[Material shown]
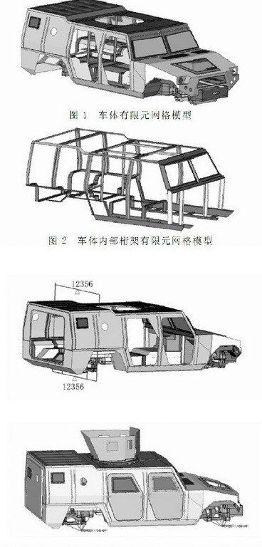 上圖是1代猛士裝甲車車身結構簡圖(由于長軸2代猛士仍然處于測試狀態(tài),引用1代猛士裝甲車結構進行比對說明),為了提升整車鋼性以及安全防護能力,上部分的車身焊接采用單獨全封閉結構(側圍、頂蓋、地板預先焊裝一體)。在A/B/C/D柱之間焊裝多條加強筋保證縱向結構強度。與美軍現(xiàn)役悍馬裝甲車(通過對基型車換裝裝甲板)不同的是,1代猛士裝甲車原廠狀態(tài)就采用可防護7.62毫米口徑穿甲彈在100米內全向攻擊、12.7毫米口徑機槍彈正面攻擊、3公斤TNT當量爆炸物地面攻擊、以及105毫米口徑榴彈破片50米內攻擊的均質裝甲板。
[/Material shown]
[Material shown]
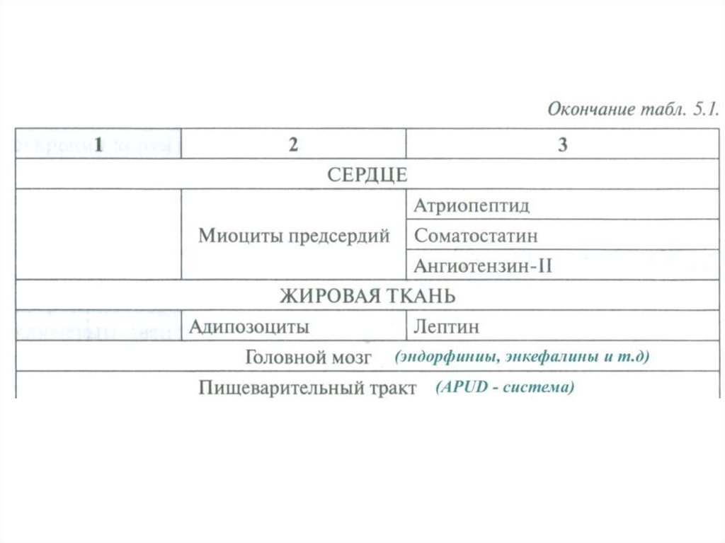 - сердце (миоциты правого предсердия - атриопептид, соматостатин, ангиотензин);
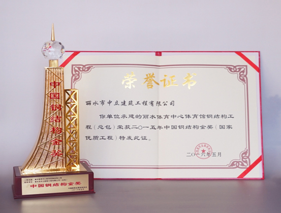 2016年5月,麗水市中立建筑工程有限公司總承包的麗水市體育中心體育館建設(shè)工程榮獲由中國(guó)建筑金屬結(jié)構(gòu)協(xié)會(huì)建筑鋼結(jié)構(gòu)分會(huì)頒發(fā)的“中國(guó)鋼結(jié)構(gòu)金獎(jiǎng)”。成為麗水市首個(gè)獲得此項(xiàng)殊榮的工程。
[/Material shown]
• Exercise requirements
Starting at the line above that contains "- сердце (миоциты", transcribe every line exactly through the line that contains "2016年5月,麗水市中立建", including that last one, and skip the pictures.

• Written answer
 - сердце (миоциты правого предсердия - атриопептид, соматостатин, ангиотензин);
 2016年5月,麗水市中立建筑工程有限公司總承包的麗水市體育中心體育館建設(shè)工程榮獲由中國(guó)建筑金屬結(jié)構(gòu)協(xié)會(huì)建筑鋼結(jié)構(gòu)分會(huì)頒發(fā)的“中國(guó)鋼結(jié)構(gòu)金獎(jiǎng)”。成為麗水市首個(gè)獲得此項(xiàng)殊榮的工程。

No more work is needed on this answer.